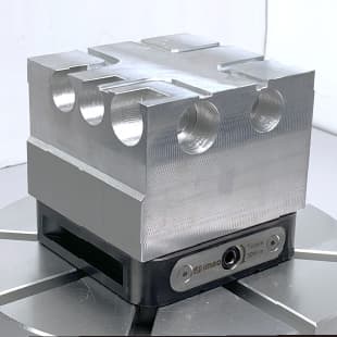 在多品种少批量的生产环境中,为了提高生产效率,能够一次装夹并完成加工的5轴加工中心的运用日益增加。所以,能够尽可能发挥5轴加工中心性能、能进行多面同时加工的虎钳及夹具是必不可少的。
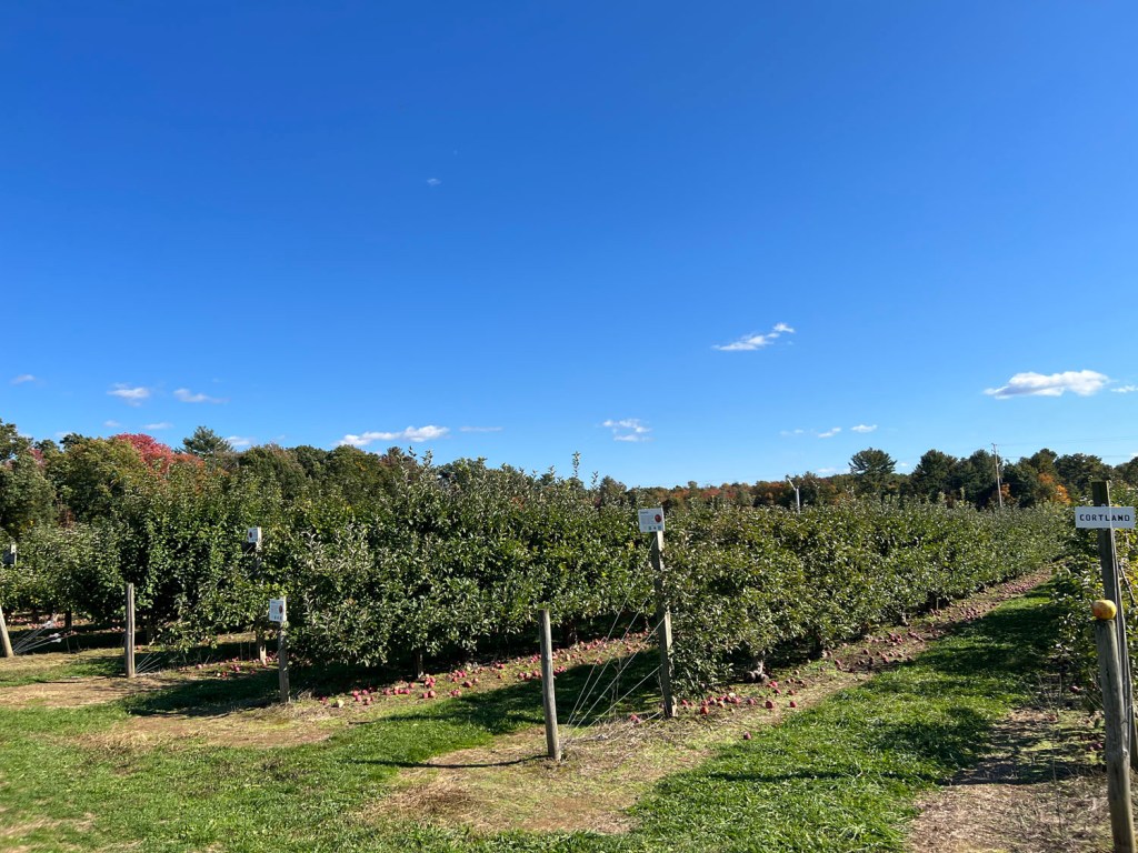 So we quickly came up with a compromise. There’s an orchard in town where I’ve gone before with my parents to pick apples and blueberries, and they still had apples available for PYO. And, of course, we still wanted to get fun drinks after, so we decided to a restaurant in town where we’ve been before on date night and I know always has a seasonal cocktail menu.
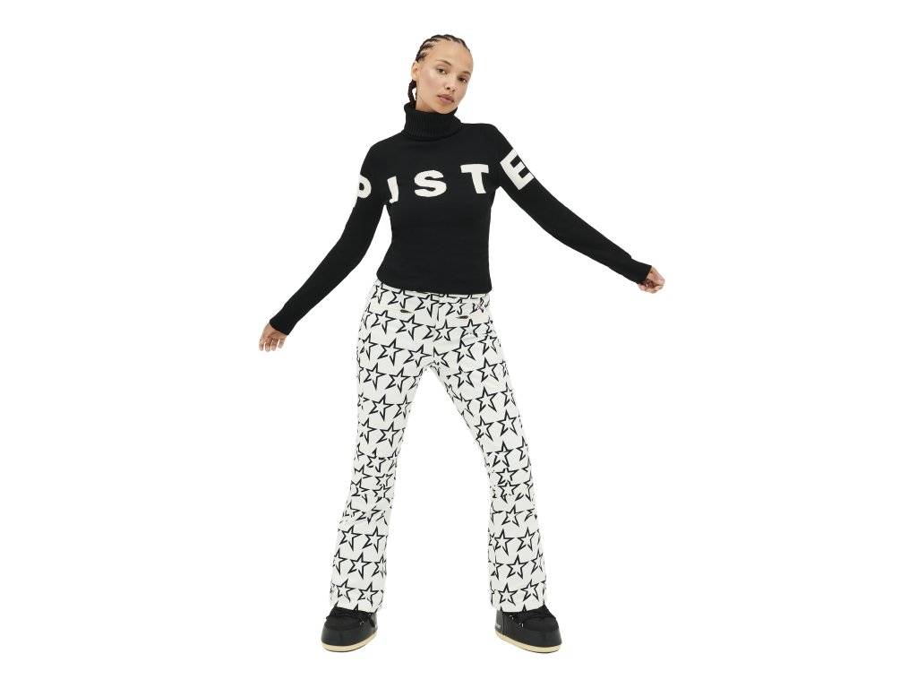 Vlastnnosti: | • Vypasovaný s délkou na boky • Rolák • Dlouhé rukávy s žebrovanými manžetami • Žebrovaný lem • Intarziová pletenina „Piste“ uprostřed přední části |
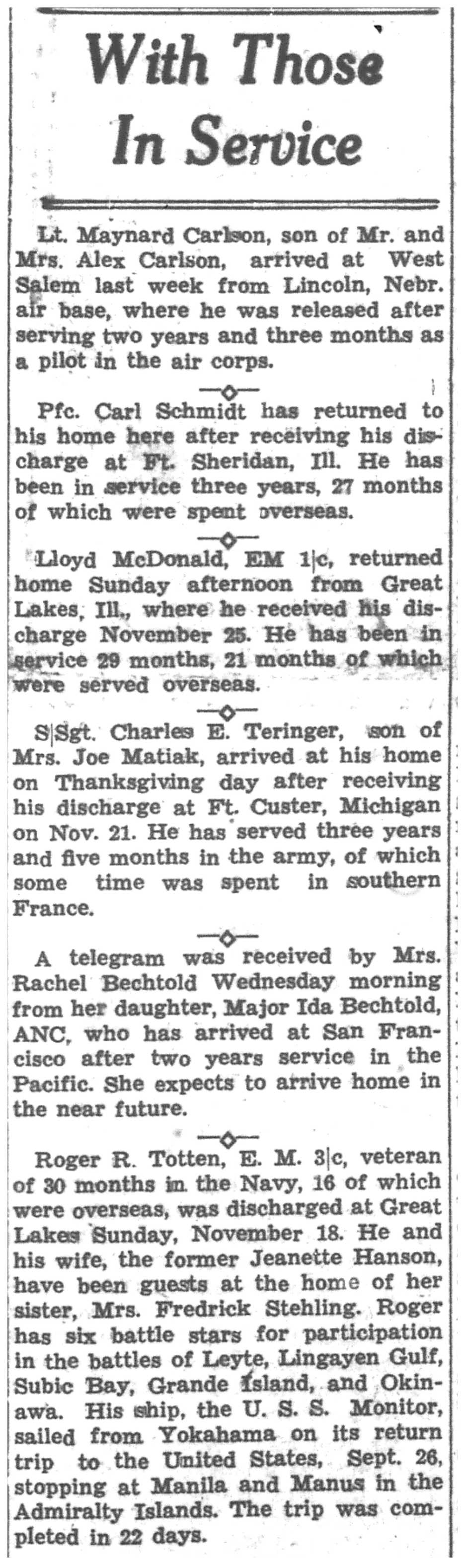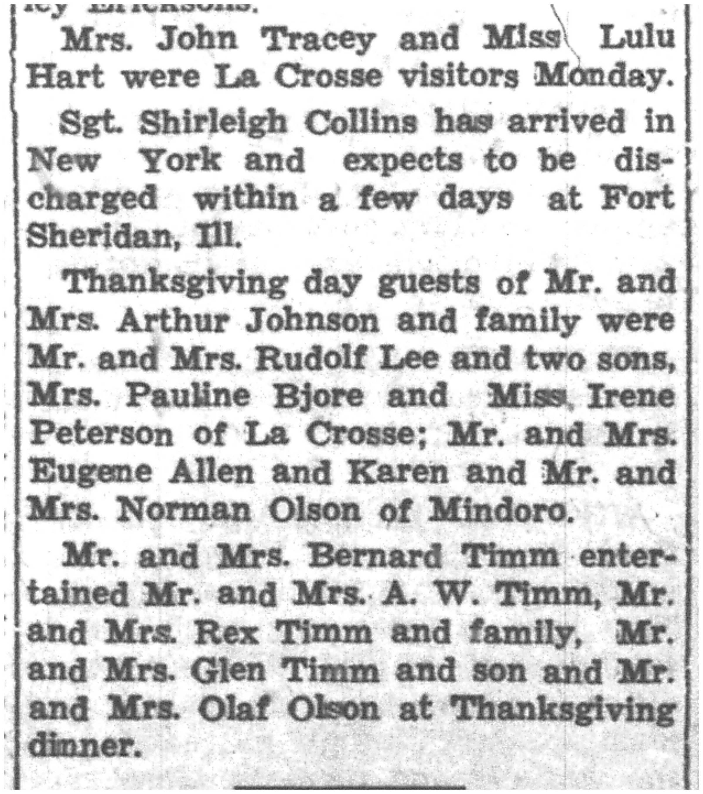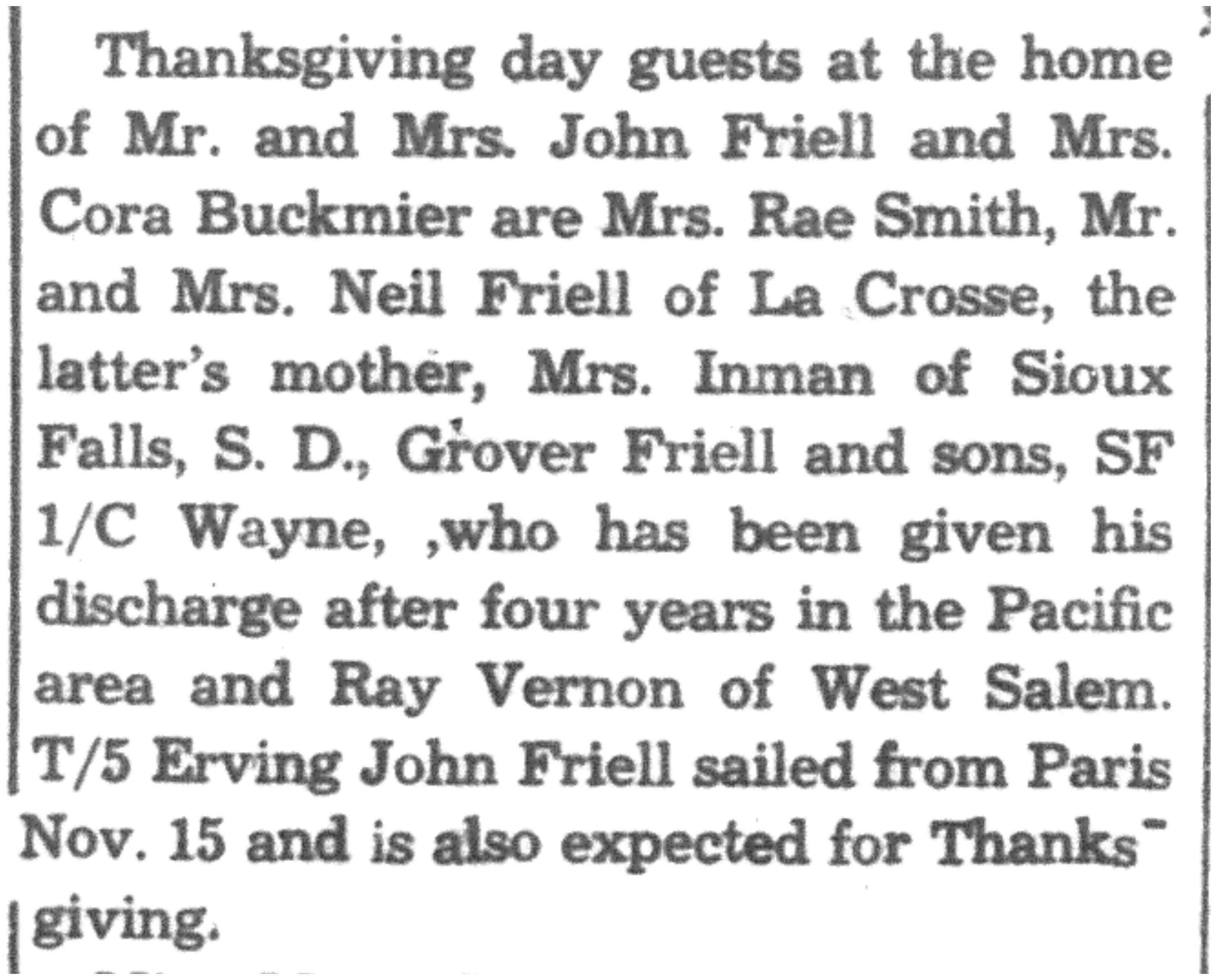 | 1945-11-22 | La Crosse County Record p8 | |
--
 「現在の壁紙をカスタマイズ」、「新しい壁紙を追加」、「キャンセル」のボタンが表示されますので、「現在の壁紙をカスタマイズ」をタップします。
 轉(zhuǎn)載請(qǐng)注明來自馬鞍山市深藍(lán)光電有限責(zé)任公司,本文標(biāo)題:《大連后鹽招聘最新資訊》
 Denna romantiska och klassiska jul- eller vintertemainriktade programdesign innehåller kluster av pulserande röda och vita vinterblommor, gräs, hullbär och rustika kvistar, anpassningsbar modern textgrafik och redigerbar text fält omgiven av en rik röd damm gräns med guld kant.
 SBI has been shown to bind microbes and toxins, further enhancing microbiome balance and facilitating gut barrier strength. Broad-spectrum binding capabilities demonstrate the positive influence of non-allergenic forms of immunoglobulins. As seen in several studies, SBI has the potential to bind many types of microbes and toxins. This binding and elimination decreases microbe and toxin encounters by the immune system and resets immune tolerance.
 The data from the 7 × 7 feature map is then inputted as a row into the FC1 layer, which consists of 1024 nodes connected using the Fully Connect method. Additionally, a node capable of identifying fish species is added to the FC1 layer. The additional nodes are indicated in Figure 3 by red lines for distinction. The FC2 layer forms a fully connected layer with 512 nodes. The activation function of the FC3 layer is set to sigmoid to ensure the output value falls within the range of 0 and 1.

About this exercise: Leave out every picture, and copy exactly the lines above starting at the one holding "在多品种少批量的生产环境中,为了提高生产" and ending at the one holding "Record p8 | |", no more and no less.

Exercise answer:
 在多品种少批量的生产环境中,为了提高生产效率,能够一次装夹并完成加工的5轴加工中心的运用日益增加。所以,能够尽可能发挥5轴加工中心性能、能进行多面同时加工的虎钳及夹具是必不可少的。
 So we quickly came up with a compromise. There’s an orchard in town where I’ve gone before with my parents to pick apples and blueberries, and they still had apples available for PYO. And, of course, we still wanted to get fun drinks after, so we decided to a restaurant in town where we’ve been before on date night and I know always has a seasonal cocktail menu.
 Vlastnnosti: | • Vypasovaný s délkou na boky • Rolák • Dlouhé rukávy s žebrovanými manžetami • Žebrovaný lem • Intarziová pletenina „Piste“ uprostřed přední části |
 | 1945-11-22 | La Crosse County Record p8 | |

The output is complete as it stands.